→ Records provided:
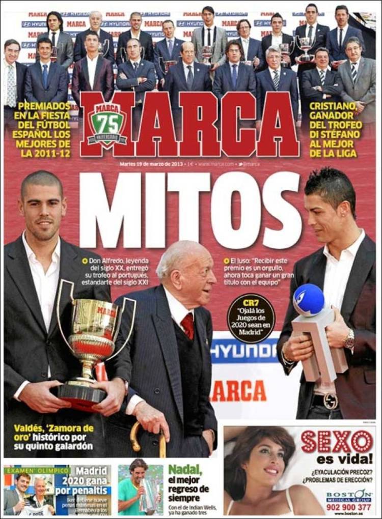 MARCA LIGA – Sul quotidiano Marca si parla di Valdes e Ronaldo protagonisti della notte degli Oscar del calcio spagnolo.
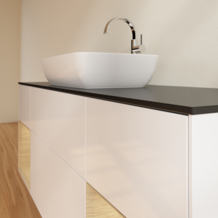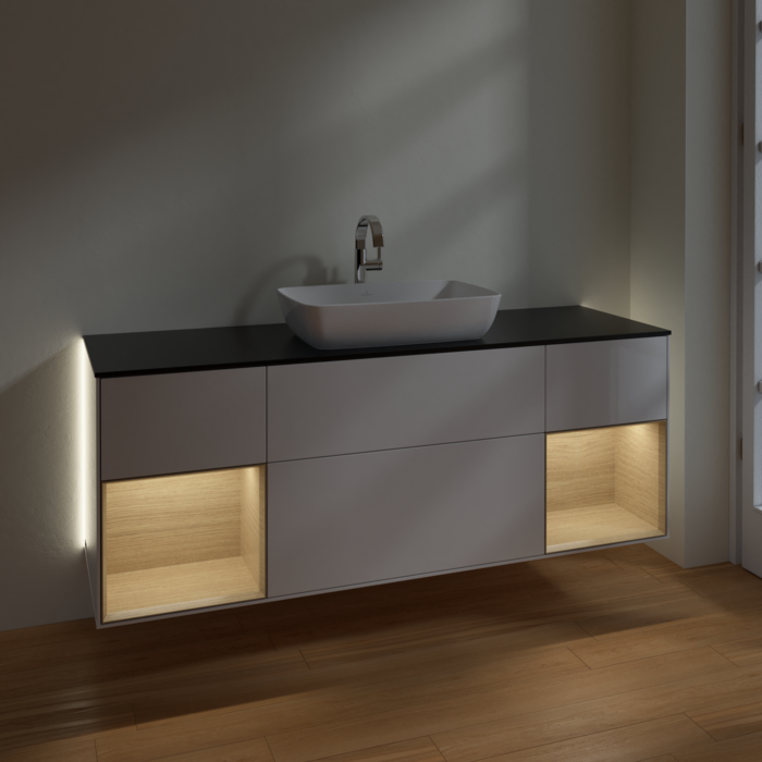 Тумба под раковину Villeroy & Boch Finion 160х50,1 см с подсветкой МДФ глянцевый белый лак/стекло черное матовое
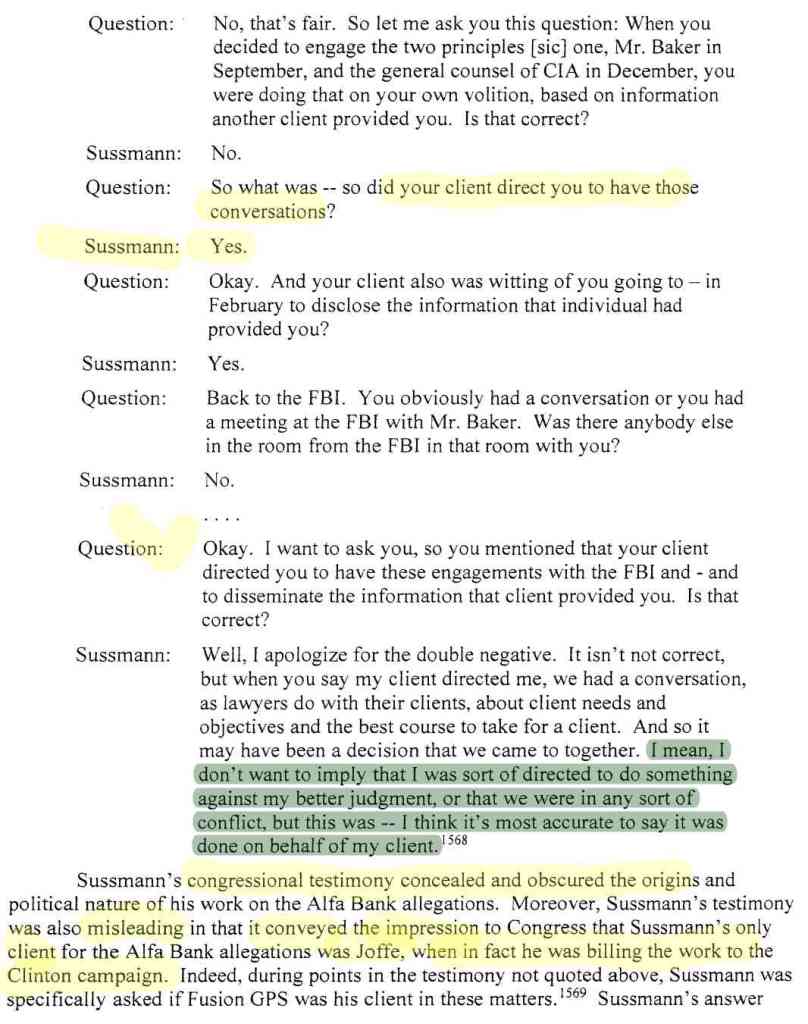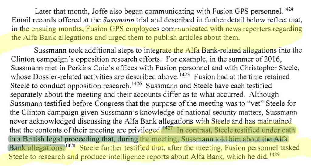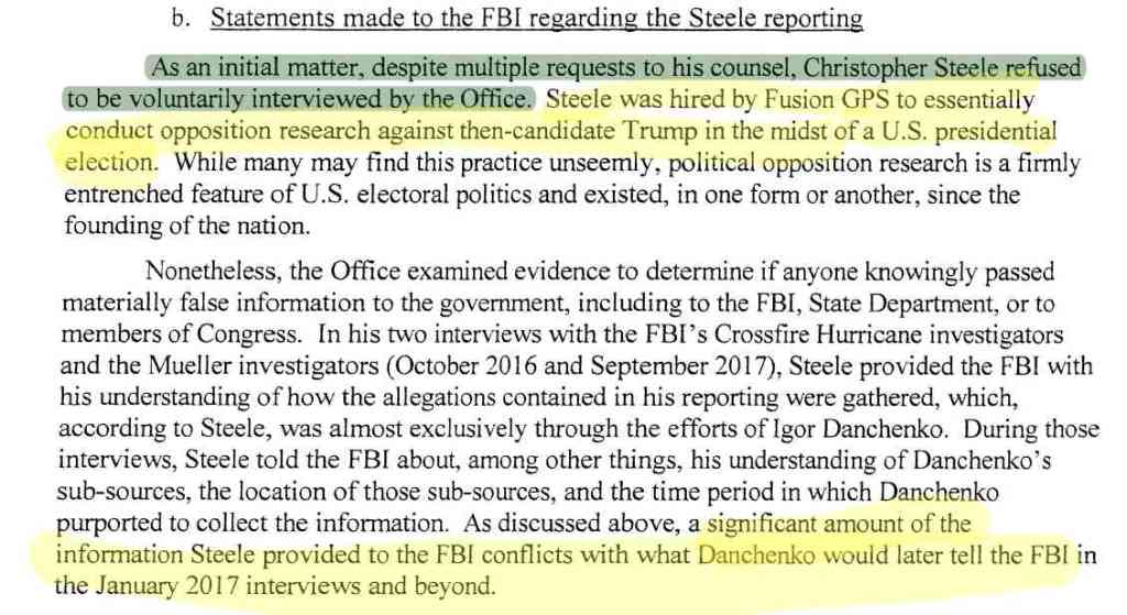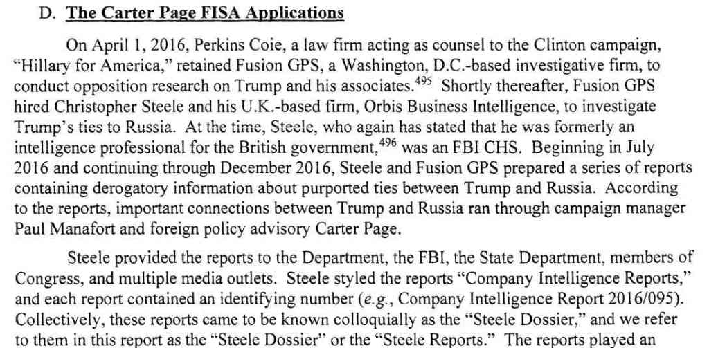 Här är avsnitt ur Durhams rapport som visar hur Steeles rapporter beställdes och betalades av Hillary Clinton och Demokraterna. Varje utdrag har en bildtext som summerar och kommenterar det.
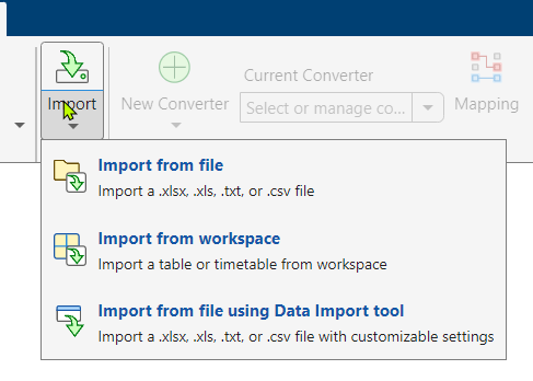 Click the Convert button on the app toolstrip to convert the imported table into a converted table. Note that:
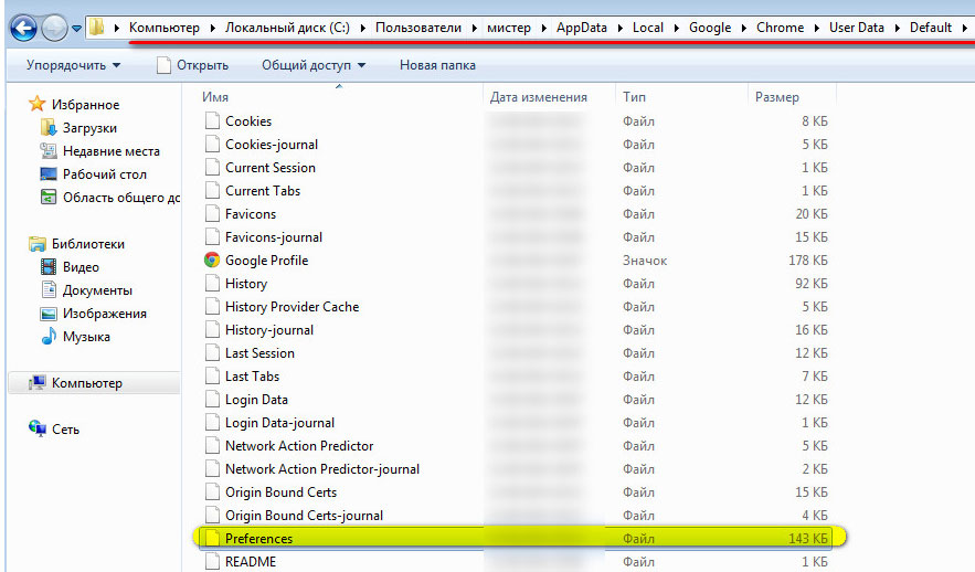 - следуйте в директорию браузера по пути AppData >> Local >> Google >> Chrome >> User Data >> Default;
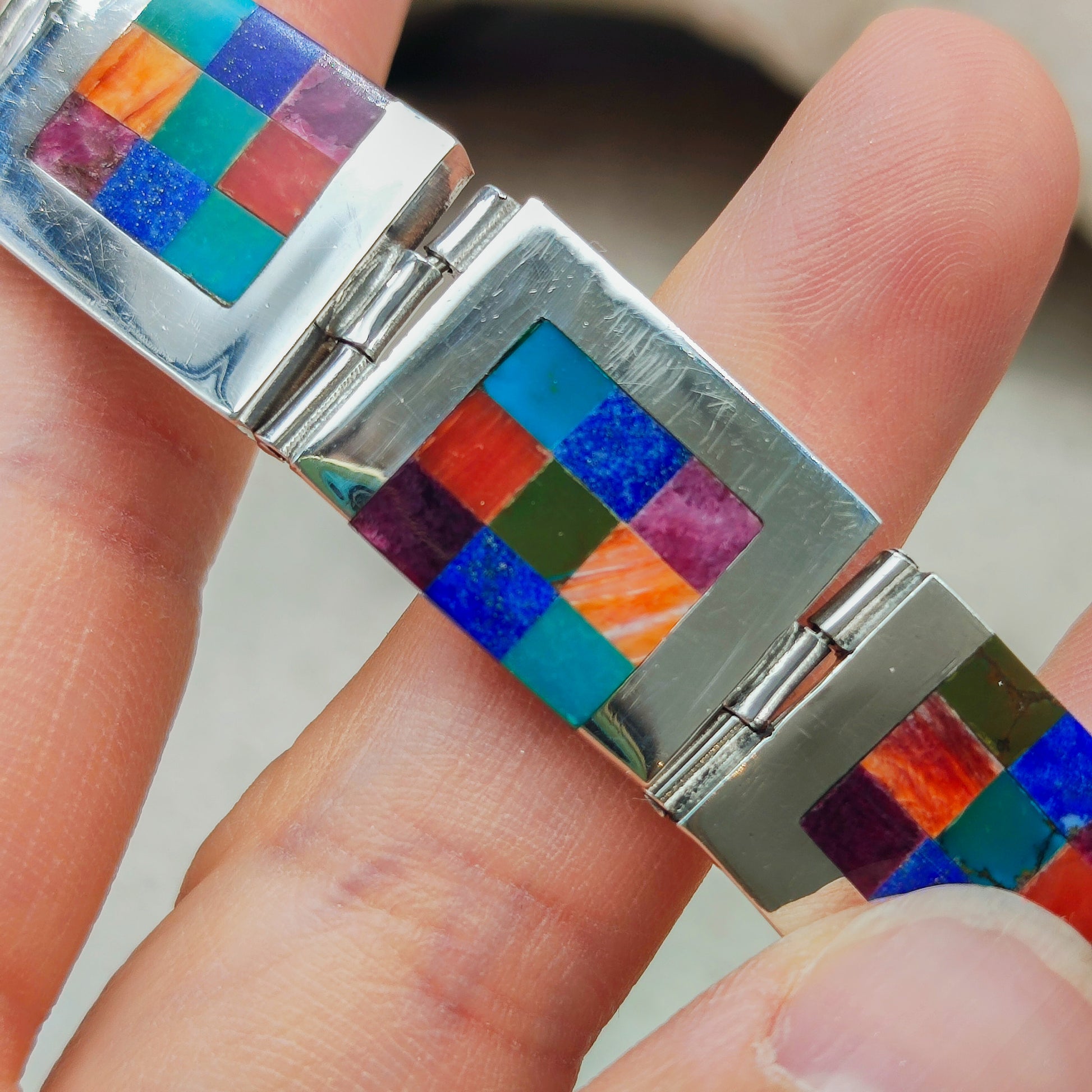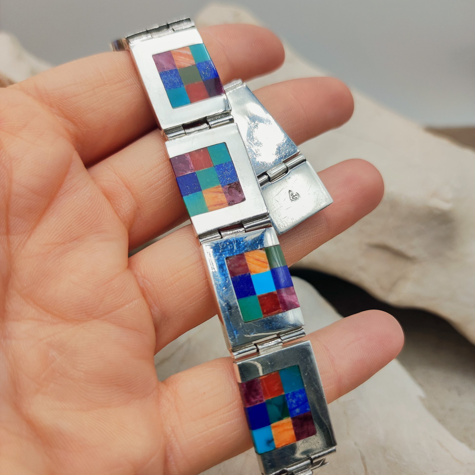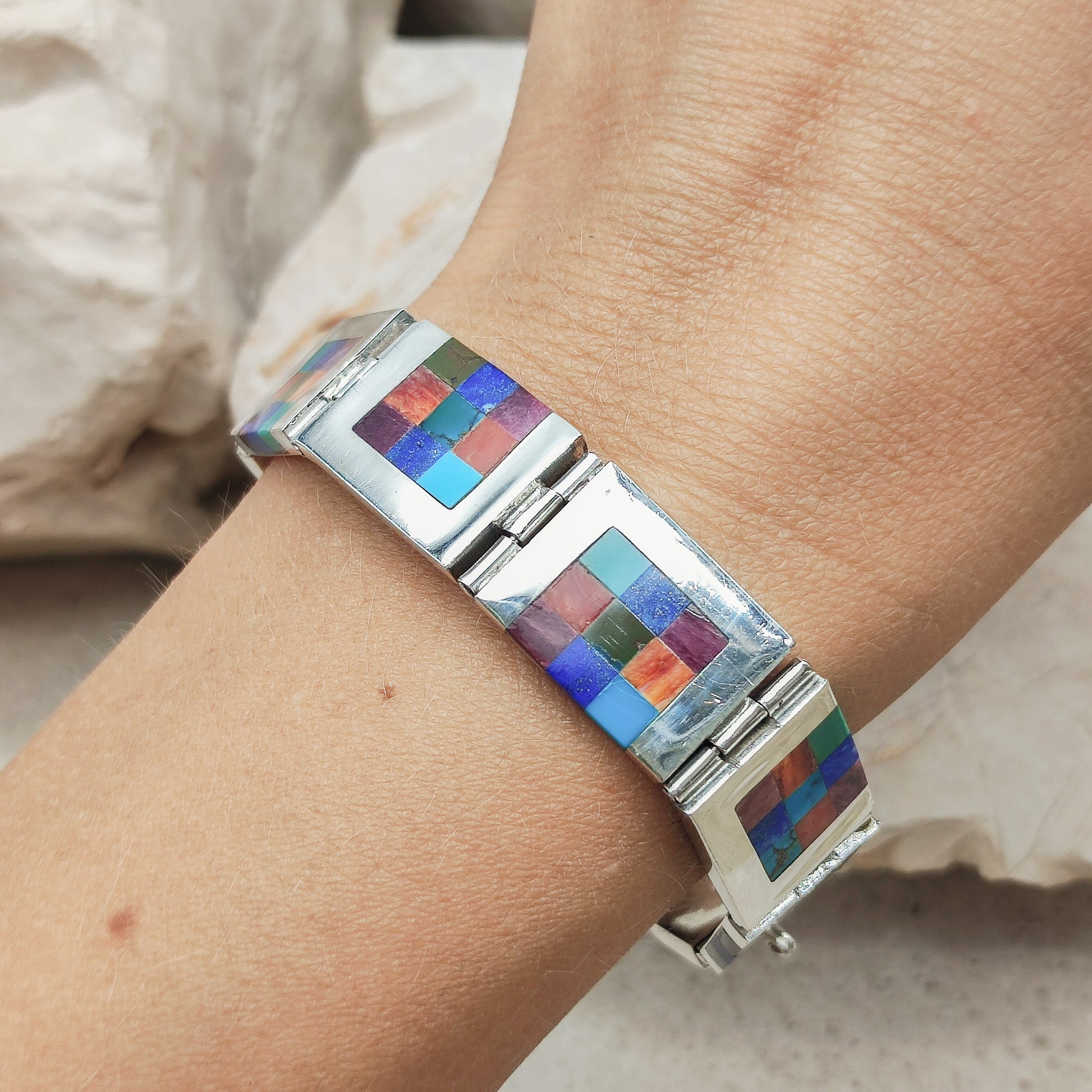Zeer kleurrijke vintage armband met ingelegde vierkantjes, gemaakt in zilver.

→ Problem to solve:
The output consists of exactly the lines from the one containing "Тумба под раковину" through the last line of the listing, both included, with no pictures.

→ Response area:
 Тумба под раковину Villeroy & Boch Finion 160х50,1 см с подсветкой МДФ глянцевый белый лак/стекло черное матовое
 Här är avsnitt ur Durhams rapport som visar hur Steeles rapporter beställdes och betalades av Hillary Clinton och Demokraterna. Varje utdrag har en bildtext som summerar och kommenterar det.
 Click the Convert button on the app toolstrip to convert the imported table into a converted table. Note that:
 - следуйте в директорию браузера по пути AppData >> Local >> Google >> Chrome >> User Data >> Default;
Zeer kleurrijke vintage armband met ingelegde vierkantjes, gemaakt in zilver.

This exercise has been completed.